GNU isn't a distro, it's the project of the free software foundation that was the basis for gnu/linux systems... linux is only a kernel, when you join the linux kernel with the gnu tools, you get a complete unix-like operating system called gnu/linux... distros are different "flavors" of this gnu/linux system... and usually we refer to gnu/linux simply as "linux"...
the main linux distros are (in no particular order): red hat enterprise, slackware, debian, fedora, suse, gentoo, mandrake, turbolinux, and knoppix...

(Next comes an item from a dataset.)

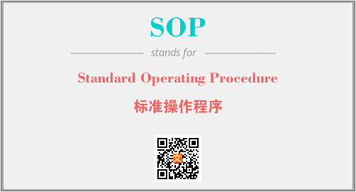 上述内容是“Standard Operating Procedure”作为“SOP”的缩写,解释为“标准操作程序”时的信息,以及英文缩略词SOP所代表的英文单词,其对应的中文拼音、详细解释以及在英文中的流行度和相关分类、应用领域及应用示例等。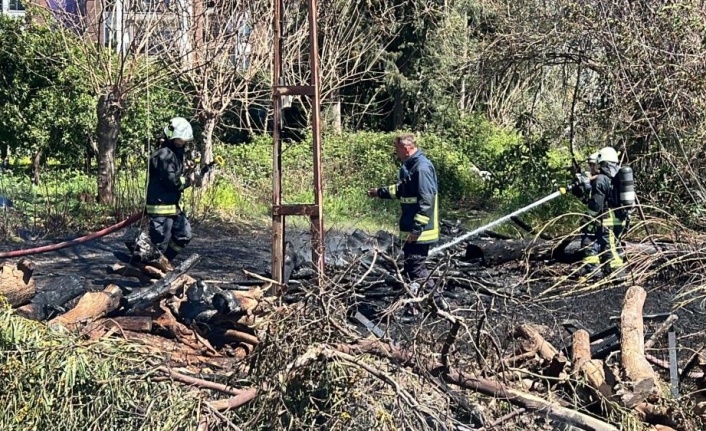 Bahçedeki odunlukta çıkan yangın, eve sıçramadan söndürüldü

none of them is the best, there's no such thing... it's just a matter of which one you like the most...
I would try Mandrake as it is easy to install and use, and it`s hardware detection is excellent. It is good if you are new because virtually everything can be done in the graphical environment.
im a fan of RedHat (not Fedora Core though) and WhiteBox. WhiteBox is the RedHat Enterprise for FREE.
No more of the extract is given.